-- TASK TO COMPLETE --
Your answer should repeat exactly the lines from the one holding "- Излив с двойной" through the end of the data, and it should contain no pictures.

-- GIVEN RECORDS --
· · · · ·

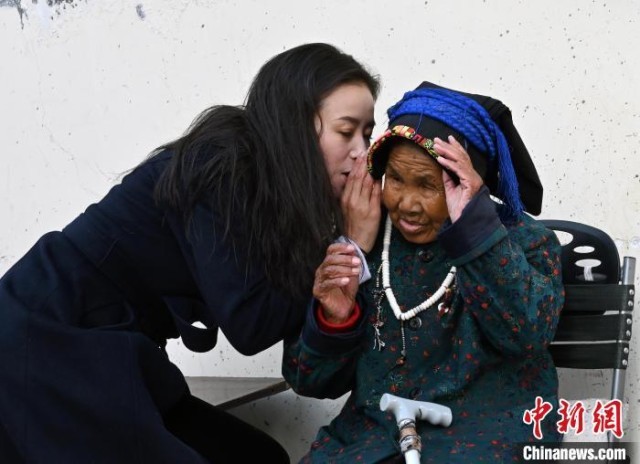 格西王姆(左)在馬爾康市敬老院與老年人聊天。 安源 攝
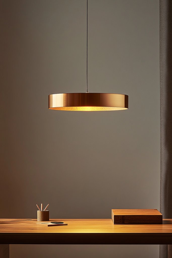 Picture a sleek, matte brass or copper pendant hanging above your desk, casting a soft, warm glow. Its simple, elegant silhouette complements natural textures like wood and linen, creating a balanced, inviting atmosphere. The warm metallic sheen adds just enough subtle shine without overpowering the organic aesthetic. It’s a statement piece that feels effortless yet refined.
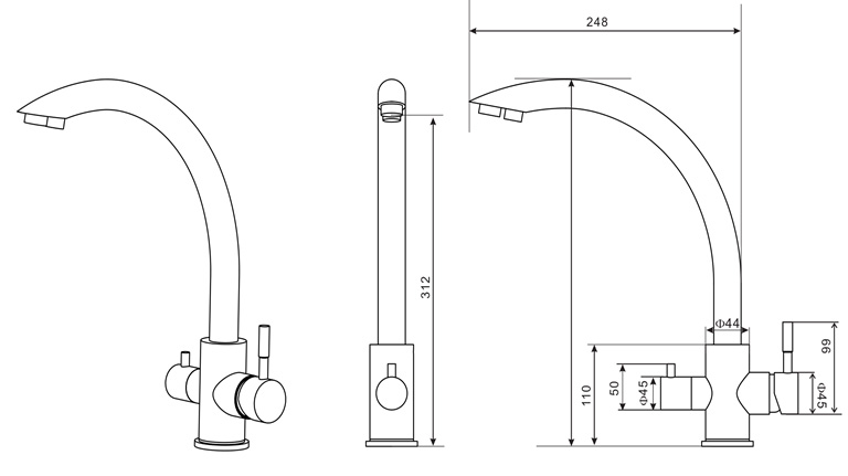 - Излив с двойной функциональностью – нет необходимости сверлить дополнительное отверстие в мойке для крана питьевой воды после фильтра;
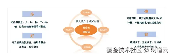 - 选型过程:在选择零代码和低代码平台时,对比了金蝶苍穹云和明道云低代码平台,发现明道云可解决部分复杂应用。在选型中还参考广汽经验,从平台能力(架构、流程、集成、创新)、供应商实力(长期支持、产品迭代能力、公司规模、生态伙伴经验)、场景(通过大量 POC 对比)、安全能力等方面评估,最终选择明道云。
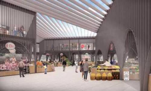 Den nya saluhallen med naturligt ljus blir på två plan där bottenplan blir helt öppen med ett torg i mitten och butiker längs sidorna.

· · · · ·

-- SOLUTION FOR THIS EXERCISE --
 - Излив с двойной функциональностью – нет необходимости сверлить дополнительное отверстие в мойке для крана питьевой воды после фильтра;
 - 选型过程:在选择零代码和低代码平台时,对比了金蝶苍穹云和明道云低代码平台,发现明道云可解决部分复杂应用。在选型中还参考广汽经验,从平台能力(架构、流程、集成、创新)、供应商实力(长期支持、产品迭代能力、公司规模、生态伙伴经验)、场景(通过大量 POC 对比)、安全能力等方面评估,最终选择明道云。
 Den nya saluhallen med naturligt ljus blir på två plan där bottenplan blir helt öppen med ett torg i mitten och butiker längs sidorna.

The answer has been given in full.